DATA UNDER STUDY:
• • • •

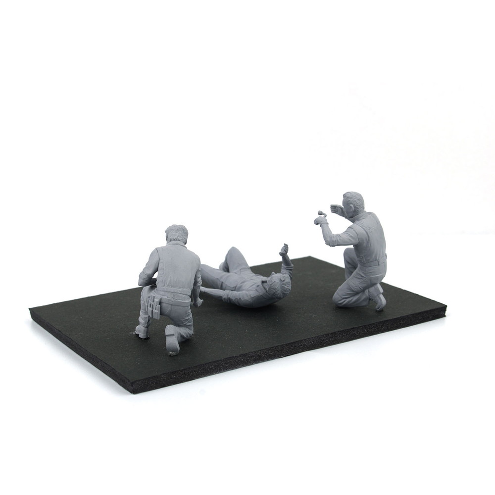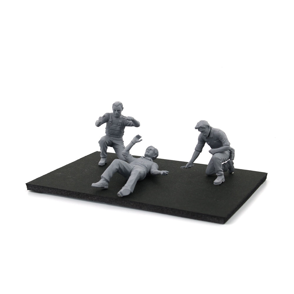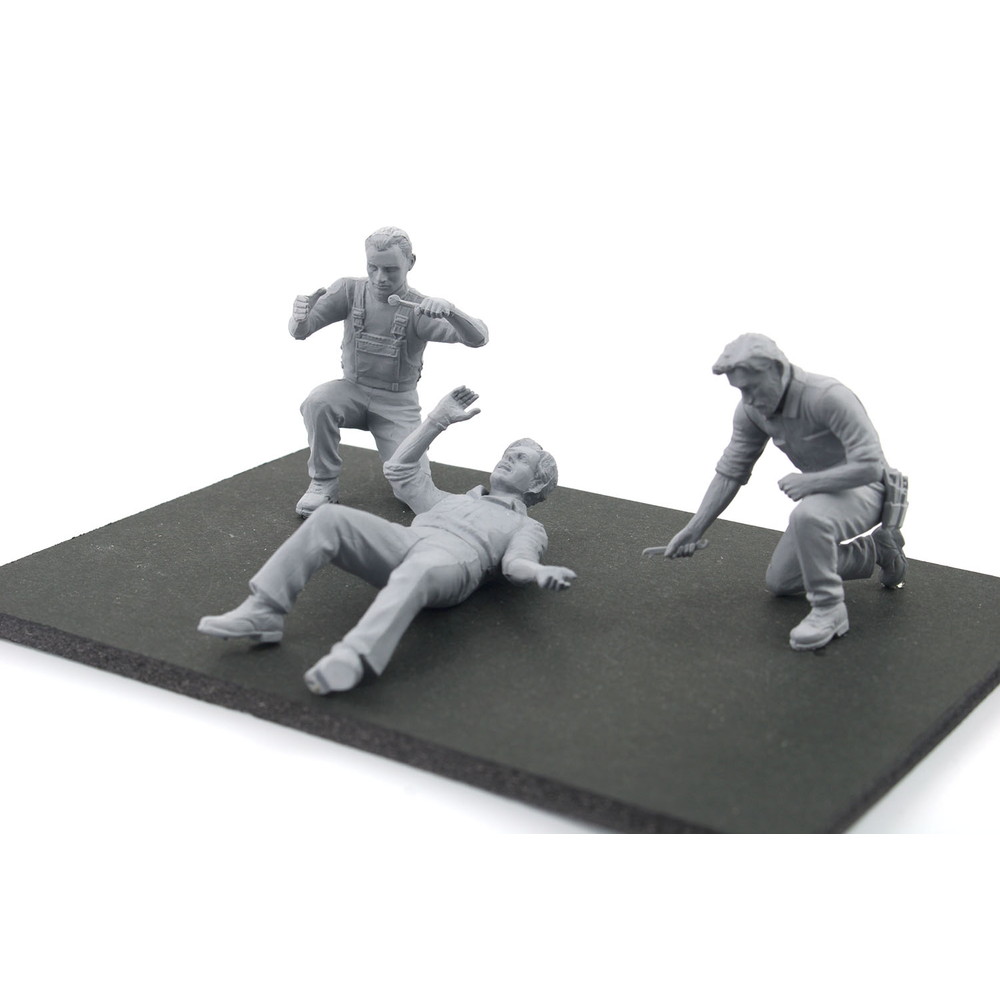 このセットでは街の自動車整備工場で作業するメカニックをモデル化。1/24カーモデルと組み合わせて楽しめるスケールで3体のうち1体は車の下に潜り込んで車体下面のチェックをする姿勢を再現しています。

• • • •

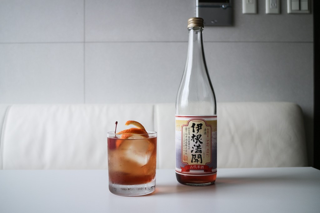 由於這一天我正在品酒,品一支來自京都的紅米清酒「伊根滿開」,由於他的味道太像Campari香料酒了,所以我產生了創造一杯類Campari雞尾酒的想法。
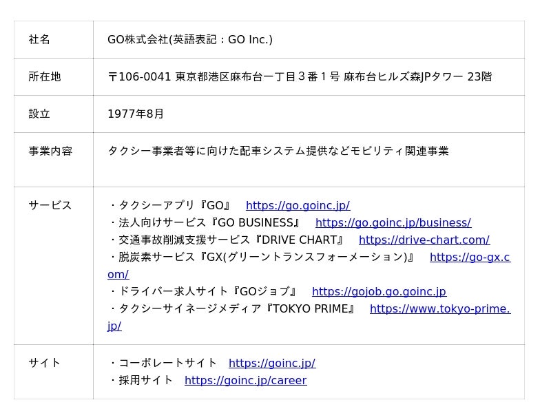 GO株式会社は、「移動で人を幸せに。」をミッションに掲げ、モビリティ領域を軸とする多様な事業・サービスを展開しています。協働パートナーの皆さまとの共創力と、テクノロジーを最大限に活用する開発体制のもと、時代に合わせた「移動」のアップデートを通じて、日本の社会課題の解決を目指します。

• • • •

Your task is to copy only the lines above starting at the one containing "由於這一天我正在品酒,品一支" and ending at the one containing "GO株式会社は、「移動で人を". Copy them exactly, both ends included, and omit the pictures.

 由於這一天我正在品酒,品一支來自京都的紅米清酒「伊根滿開」,由於他的味道太像Campari香料酒了,所以我產生了創造一杯類Campari雞尾酒的想法。
 GO株式会社は、「移動で人を幸せに。」をミッションに掲げ、モビリティ領域を軸とする多様な事業・サービスを展開しています。協働パートナーの皆さまとの共創力と、テクノロジーを最大限に活用する開発体制のもと、時代に合わせた「移動」のアップデートを通じて、日本の社会課題の解決を目指します。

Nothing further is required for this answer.